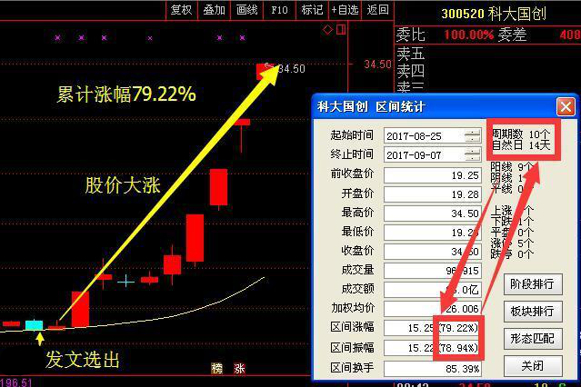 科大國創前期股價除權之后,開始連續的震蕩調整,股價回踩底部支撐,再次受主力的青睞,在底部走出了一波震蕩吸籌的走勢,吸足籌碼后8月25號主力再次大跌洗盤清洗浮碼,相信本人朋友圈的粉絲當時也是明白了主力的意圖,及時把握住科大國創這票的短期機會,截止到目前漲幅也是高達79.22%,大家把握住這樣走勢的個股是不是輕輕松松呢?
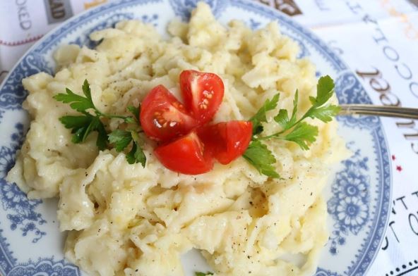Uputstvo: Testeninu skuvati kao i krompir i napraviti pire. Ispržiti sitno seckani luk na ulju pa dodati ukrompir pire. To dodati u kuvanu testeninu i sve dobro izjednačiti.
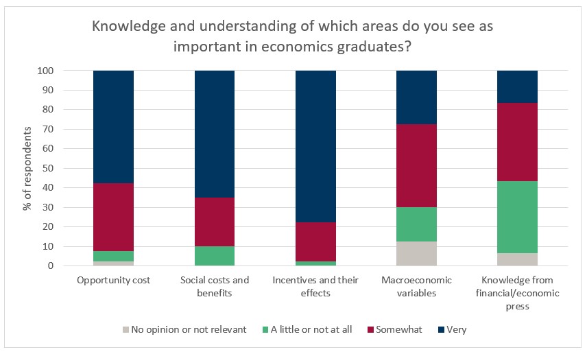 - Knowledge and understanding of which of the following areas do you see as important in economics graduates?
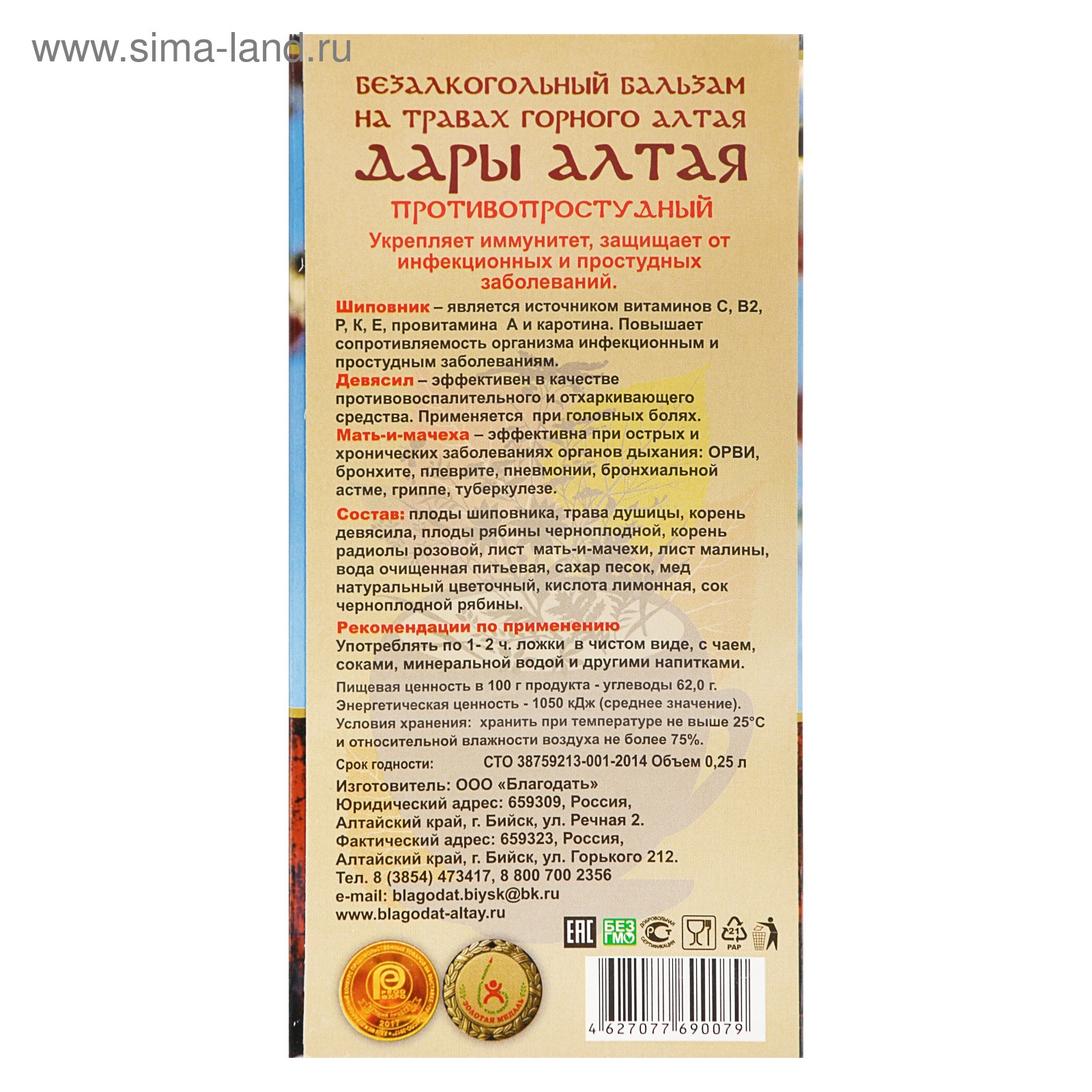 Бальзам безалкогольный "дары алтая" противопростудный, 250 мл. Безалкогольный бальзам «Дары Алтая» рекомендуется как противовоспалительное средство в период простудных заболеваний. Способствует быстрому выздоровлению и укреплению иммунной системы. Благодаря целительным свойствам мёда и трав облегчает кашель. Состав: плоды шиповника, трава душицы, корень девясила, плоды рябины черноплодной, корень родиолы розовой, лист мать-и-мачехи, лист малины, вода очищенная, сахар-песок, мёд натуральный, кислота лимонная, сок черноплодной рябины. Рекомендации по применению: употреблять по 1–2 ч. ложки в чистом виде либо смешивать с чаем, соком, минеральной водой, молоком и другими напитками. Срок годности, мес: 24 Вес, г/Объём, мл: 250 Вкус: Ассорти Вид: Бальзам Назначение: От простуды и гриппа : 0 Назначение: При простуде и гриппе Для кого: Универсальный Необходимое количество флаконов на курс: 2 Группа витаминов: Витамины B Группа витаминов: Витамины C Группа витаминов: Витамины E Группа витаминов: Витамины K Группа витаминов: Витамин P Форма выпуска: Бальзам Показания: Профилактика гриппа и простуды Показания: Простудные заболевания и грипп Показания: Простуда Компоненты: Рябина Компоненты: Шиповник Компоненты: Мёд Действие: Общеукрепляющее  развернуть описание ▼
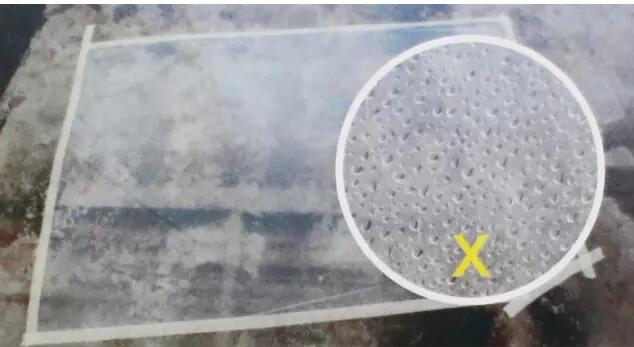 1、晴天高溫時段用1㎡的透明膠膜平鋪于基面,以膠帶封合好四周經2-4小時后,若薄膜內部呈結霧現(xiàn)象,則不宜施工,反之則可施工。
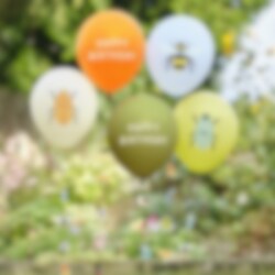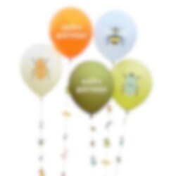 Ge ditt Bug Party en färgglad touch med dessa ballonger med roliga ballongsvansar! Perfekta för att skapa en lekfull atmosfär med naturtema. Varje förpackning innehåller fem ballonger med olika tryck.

━━━━━━━━━━

### [YOUR ASSIGNMENT]
Having located the line with "1、晴天高溫時段用1㎡的透明", transcribe exactly and only the lines from it to the final line of the material, skipping the pictures.

### [RESULT OF THE EXERCISE]
 1、晴天高溫時段用1㎡的透明膠膜平鋪于基面,以膠帶封合好四周經2-4小時后,若薄膜內部呈結霧現(xiàn)象,則不宜施工,反之則可施工。
 Ge ditt Bug Party en färgglad touch med dessa ballonger med roliga ballongsvansar! Perfekta för att skapa en lekfull atmosfär med naturtema. Varje förpackning innehåller fem ballonger med olika tryck.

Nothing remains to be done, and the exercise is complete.